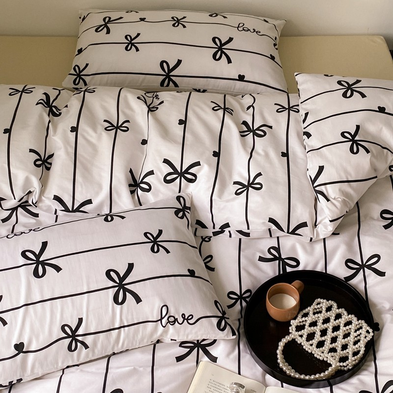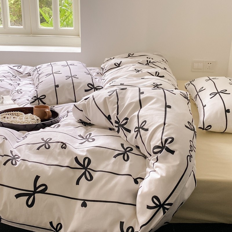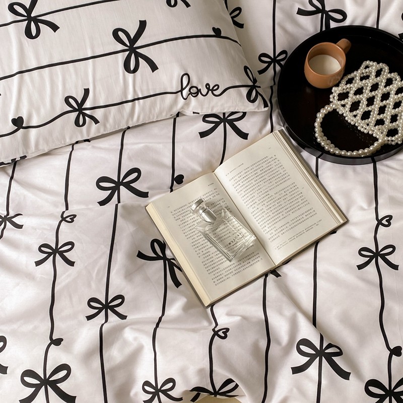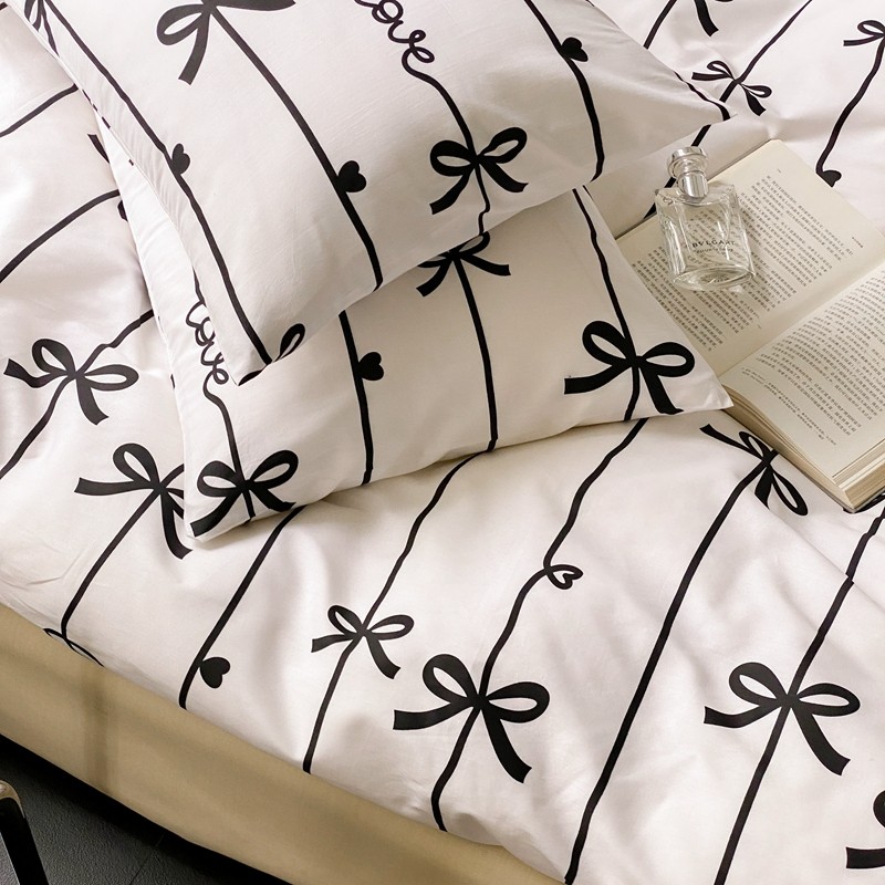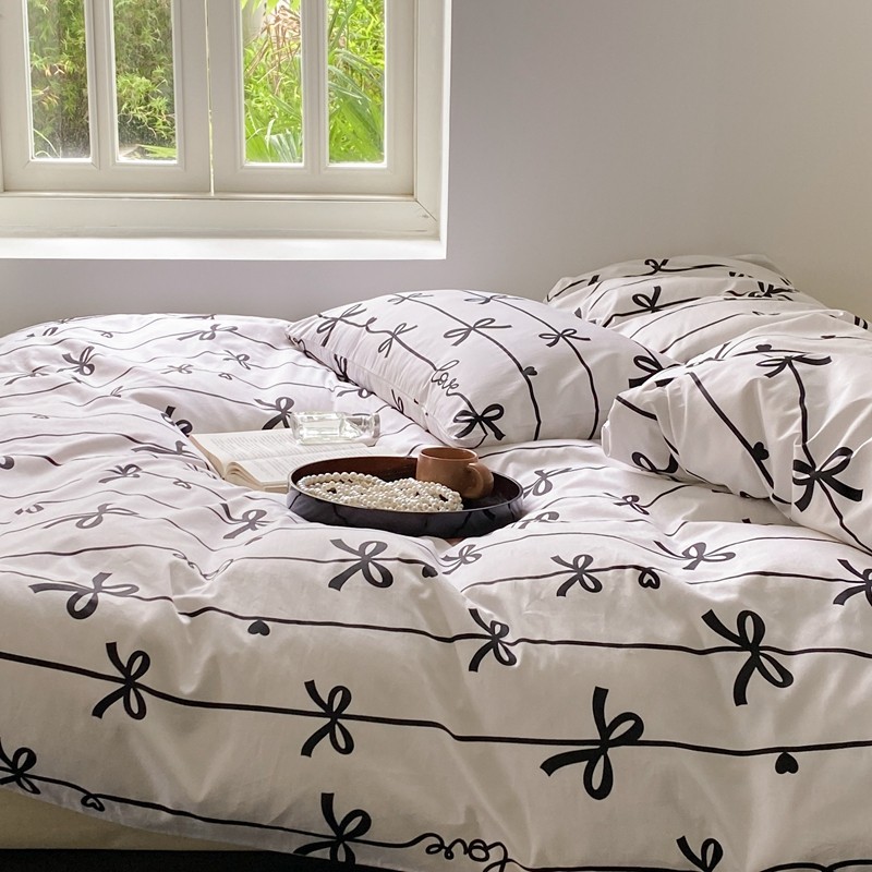 昔可 2022新款全棉四件套新款影棚图 丝带蝴蝶结
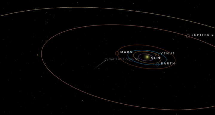 根据美国航空航天局NASA的描述,这颗彗星被归类为星际天体,因为它的轨道呈双曲线形状,并不遵循围绕太阳的封闭轨道的形状。如果沿着3I/Atlas的轨道追溯,那么这颗彗星显然起源于我们的太阳系之外。
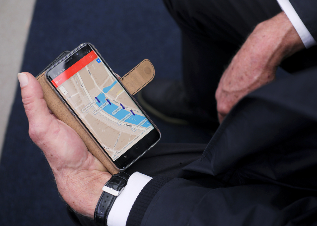 Kooij monitors its fleet, including battery levels, from a modern control booth inside an old stone building near Amsterdam's Dam, where spice-laden ships rolled in from the East Indies in the 1600s.

________

An exact transcription of the material is required, without any pictures.

ANSWER FOR THE TASK >>
 昔可 2022新款全棉四件套新款影棚图 丝带蝴蝶结
 根据美国航空航天局NASA的描述,这颗彗星被归类为星际天体,因为它的轨道呈双曲线形状,并不遵循围绕太阳的封闭轨道的形状。如果沿着3I/Atlas的轨道追溯,那么这颗彗星显然起源于我们的太阳系之外。
 Kooij monitors its fleet, including battery levels, from a modern control booth inside an old stone building near Amsterdam's Dam, where spice-laden ships rolled in from the East Indies in the 1600s.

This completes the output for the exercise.